U.S. 23 is a north-south route that winds from Jacksonville, Fla., to Mackinaw City, Mich. The segment of route ODOT’s study focuses on is the portion that runs through Delaware County and its surrounding areas. Delaware County is located just north of Columbus.
The study, which ODOT is conducting in partnership with the Mid-Ohio Regional Planning Commission and the Toledo Metropolitan Area Council of Governments, is meant to determine improvement options for the corridor. As well as evaluating the existing route, the study will consider new routes to the east or west of U.S. 23, which would dodge the nearly 40 traffic signals along this stretch of roadway.
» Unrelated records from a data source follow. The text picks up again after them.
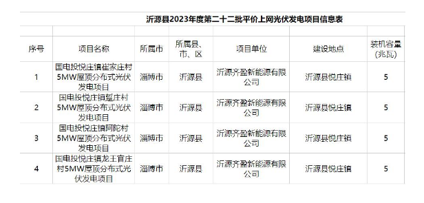 10月7日,山東省沂源縣人民政府公示沂源縣2023年度第二十二批光伏平價上網項目,國電投悅莊鎮崔家莊村5MW屋頂分布式光伏發電項目、國電投悅莊鎮踅莊村5MW屋頂分布式光伏發電項目、國電投悅莊鎮阿陀村5MW屋頂分布式光伏發電項目、國電投悅莊鎮龍王官莊村5MW屋頂分布式光伏發電項目成功上榜,總裝機規模20MW,項目公司均為沂源齊盈新能源有限公司,項目詳情如下:
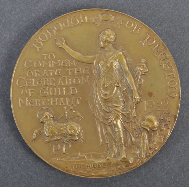 Collection of antique medallions - an antique 1922 bronze Borough Of Preston Guild Medallion to Commemorate The Celebration Of The Guild Merchant. The Medallion displaying portraits of Henry & Mabel Astley Bell JP Guild Mayor And Mayoress. Makers mark for Spink & Son. Diameter; 7.5cm, Gross Weight; 230.6g
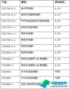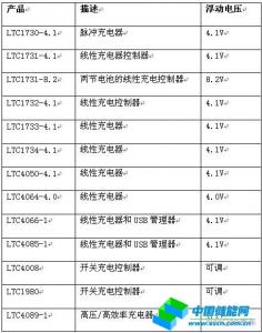 電池充電器延長電池壽命的作用主要由充電器的浮動電壓和充電終止方法決定。凌力爾特公司的很多鋰離子電池充電器具有4.2V±1%(或更低)的固定浮動電壓,但是有一些產(chǎn)品為4.1V和4.0V以及具有可調(diào)浮動電壓。圖4顯示了一些具有較低浮動電壓的電池充電器,用來給4.2V鋰離子電池充電時可以延長電池壽命。
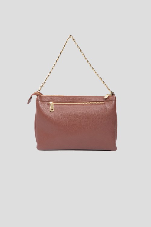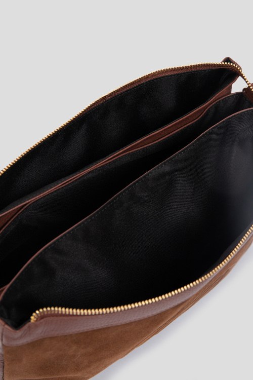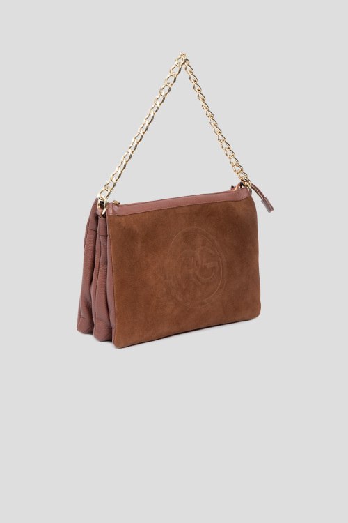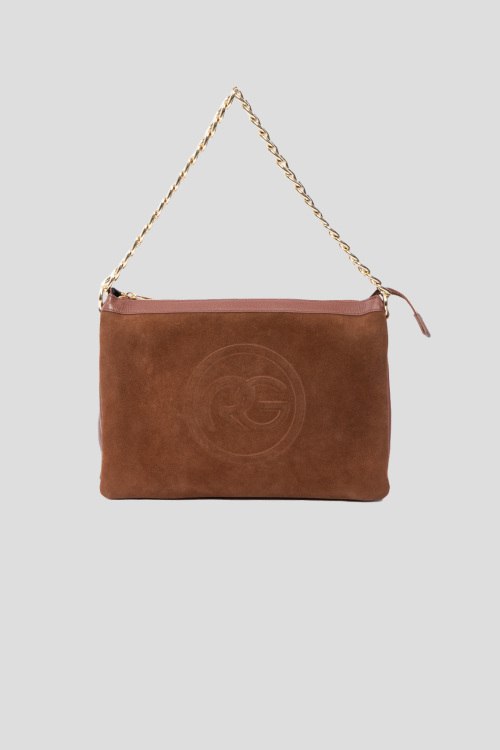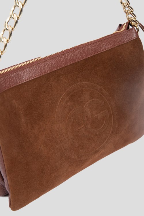 Детали: Женская коричневая сумка на плечо из замши и кожи от Roberta Gandolfi (Робэрта Гандолфи). Логотип спереди, золотистая фурнитура, цепочка и кожаный ремень на плечо, застежка-молния, сзади карман на молнии, два отделения. Размеры: высота 30 см, ширина 31 см, глубина 15 см
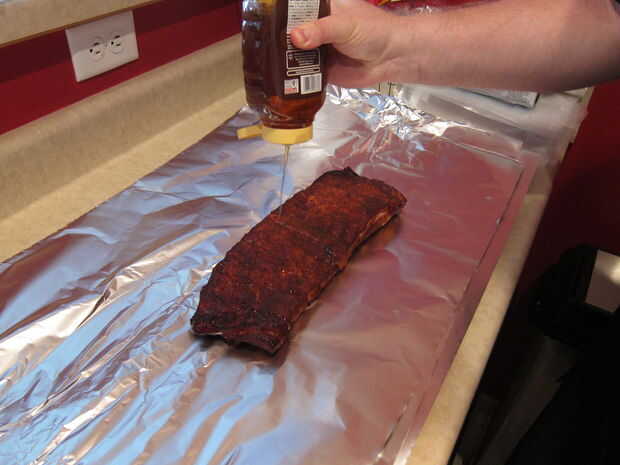 Poner las costillas en dos hojas de papel de aluminio.  Añadir un chorrito de miel a la parte superior de las costillas.
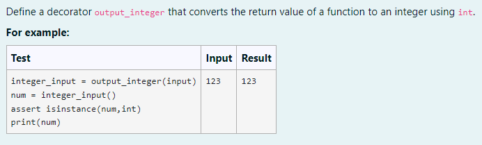 Solved Python code. Define a decorator output_integer | Chegg.com

ODOT spokeswoman Breanna Badanes explained the agency is in the “information-gathering stage” and is asking people for feedback on how they use U.S. 23 and what their priorities are. She noted these priorities can range from improving congestion and safety to accounting for future development.
“U.S. 23 is a very important corridor in central Ohio and in the state,” Badanes said. “Not only does it serve area residents, but it’s also a crucial commercial route. As it exists today, U.S. 23 is already overtaxed with more vehicles than the roadway was designed to handle.”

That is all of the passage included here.